There's a rhythm to English writing that's not present in other languages. It's short, clipped, to the point. But it can also be lyrical when wielded by the right pen. Like, say, Bill Bryson's. Or P.G. Wodehouse's. 

It is, however, terribly lacking in accents. You can do so much with the squiggly things. The straight ones, too. English uses letters, sometimes too many of them but more often than not the same ones used differently. Though he thought about a trough. En français on se gratte la tête pour connaître la difference entre a et à. There's so much artistry in accents that diphthongs cruelly fail to possess, even those that have unnecessary Hs in them. 

But whatever. I write mostly in English because I've been working in that language so much it's almost replaced my mother tongue as far as ease of use is concerned. I think very rarely in French. I certainly dream in English. Even when I'm asleep. 

Which is too bad, in a way, because one thing that only the French language of my youth can do is convey a feeling of being baveux. It's a purely Québécois term, sort of like irreverent but with a lot more zip. (Don't bother looking it up, you'll get lost in drool. No, really.) It doesn't ever get close to being used in English prose. And that's a damn shame. Because a good baveux text, from a good baveux author, is a thing of intense joy. 
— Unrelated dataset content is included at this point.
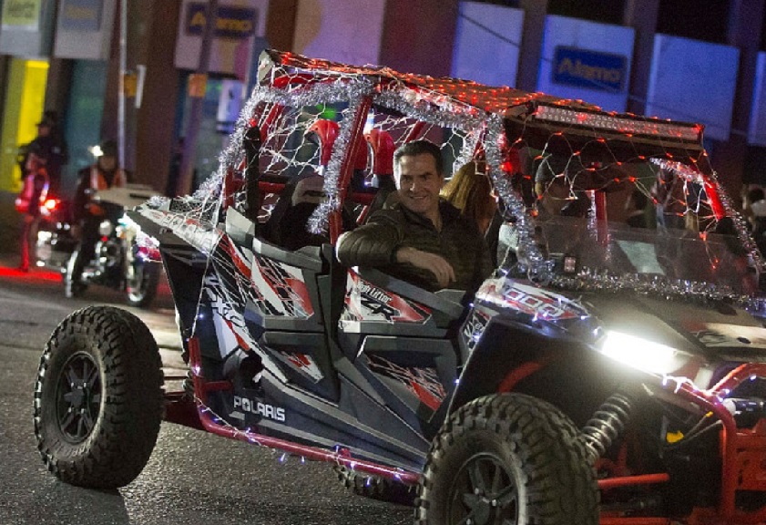 Adrián de la Garza hizo el recorrido de dos y medio kilómetros a bordo de una unidad tipo Razer adornada con foquitos y guirnaldas plateadas; al frente iban oficiales de tránsito vestidos de Santa Claus.

I was reminded of this term and what it means to me by the wonderful Marie-Louise Arsenault who runs the indispensable Plus on est de fous plus on lit radio show on the French side of the CBC. Along with guests and various contributors they chat about current events and books. Lots of books. Some of whose authors the host describes as baveux. I hadn't heard that word in a long while. Much too long. She brought it back for me. 

And it got me thinking. 

I used to write like that a lot more than I do now. I also used to enjoy the act of writing then more than I do now. Maybe being a baveuse is my voice, my tool, what sets my art apart from anyone else's. Maybe when I try to be rational or inspiring I just wind up dull instead. 

I don't like being dull. 

So, herewith and without further ado, although I keep dragging this silly old introduction along for no good reason at all, is my little explanation of why baveuserie is so darn awesome. Oreilles sensibles, s'abstenir. Or in English: Excuse my French. 
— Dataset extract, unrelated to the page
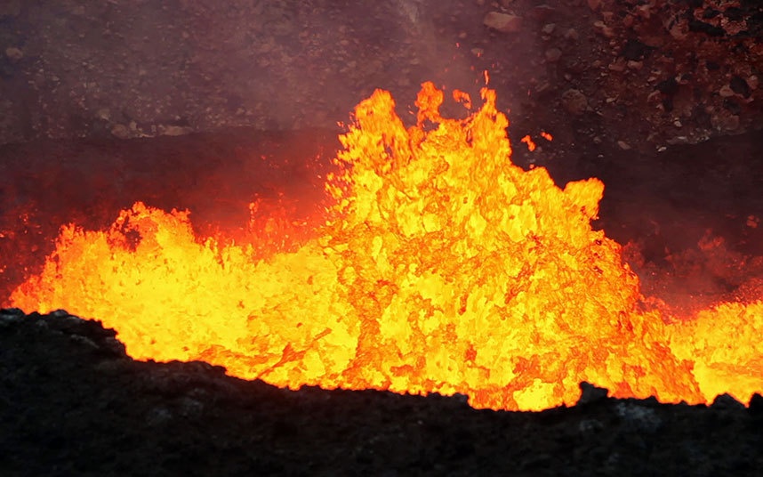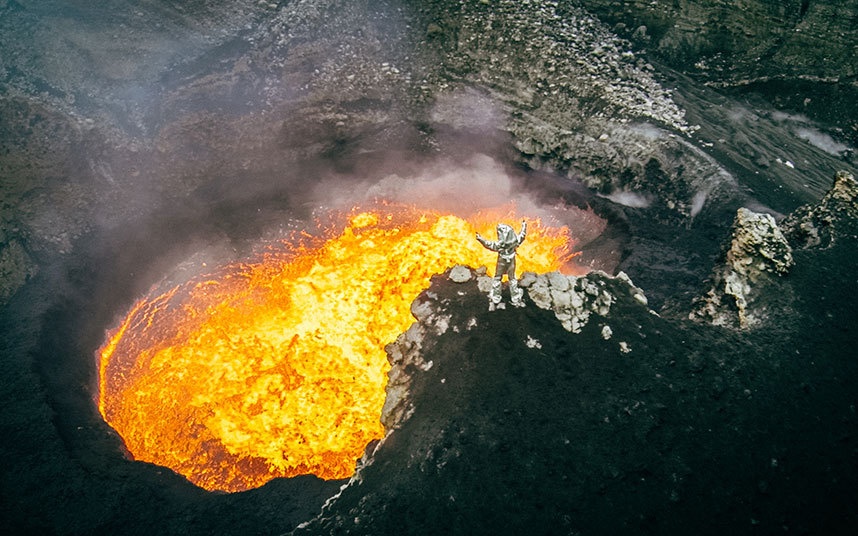 | Nhóm nghiên cứu tạo mô hình 3D quy mô lớn đầu tiên của một ngọn núi lửa và hồ dung nham. Các nhà thám hiểm mặc quần áo chịu nhiệt trong công nghiệp xây dựng. Chúng có thể chịu bức xạ nhiệt lên tới hơn 16.000 độ C. |

Say, to pick an example at random, that you find yourself in need of telling someone to fuck off. You do so, and there you are being rude. You may be entirely justified, mind you. That jerk nearly ran over your son because he couldn't be bothered to look before making his right turn out of the Walmart parking lot, and when you objected he told you to get the hell out of his way. Your outburst is entirely necessary, as far as you're concerned. But there's no denying the rudeness.

Your outburst is necessary, I said, but it's also pretty easy. Anyone can tell someone else to fuck off, especially when they lack the vocabulary to say something else equally powerful. In fact, if you went outside at all this week, you probably witnessed something akin to the scenario herein described. 
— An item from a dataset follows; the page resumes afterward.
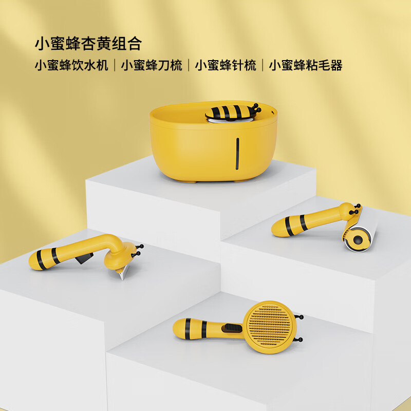 OIMG小蜜蜂宠物猫咪饮水机恒温加热自动循环流动静音狗喂水喝水器水碗 小蜜蜂全系组合-黄色 小蜜蜂饮水

What's harder is to tell someone to fuck off and make bystanders eager to see it in action. This usually means giving some indication that your rudeness and righteous indignation are justified on a cosmic scale, as opposed to your own individual yardstick. So that by the time the words come out of your mouth bystanders were wondering when you’d finally snap because they certainly would have already. It’s still rude, but it’s talented and well-timed rudeness. That's why the old fella and his hat got a kick out of it. 

To be baveux (or baveuse if you happen to be a female girl), you have to be able to tell someone to fuck off in a way that makes them look forward to the trip, too. Because not only do you know you're right to tell them this, you've managed to make them aware that they know you're right, too. 

It’s still rude. But it’s well-timed, talented and elegant. That last one by itself is worth the price of admission. 

And to be clear, you don't need to use four-letter words to be baveux. I do sometimes (cough) because when it's used properly, nothing beats it on the adding-some-zip-to-your-prose front. But even if you're prudish - I mean, polite - you can be baveux. You just have to be extraordinarily direct and not at all concerned about sparing other people's feelings. And if your baveuserie rings true, if what you say or write touches people right behind the belly button, then you're well-timed, talented, elegant and sophisticated to boot. 

 Et ça, c'est être baveux à son plus beau.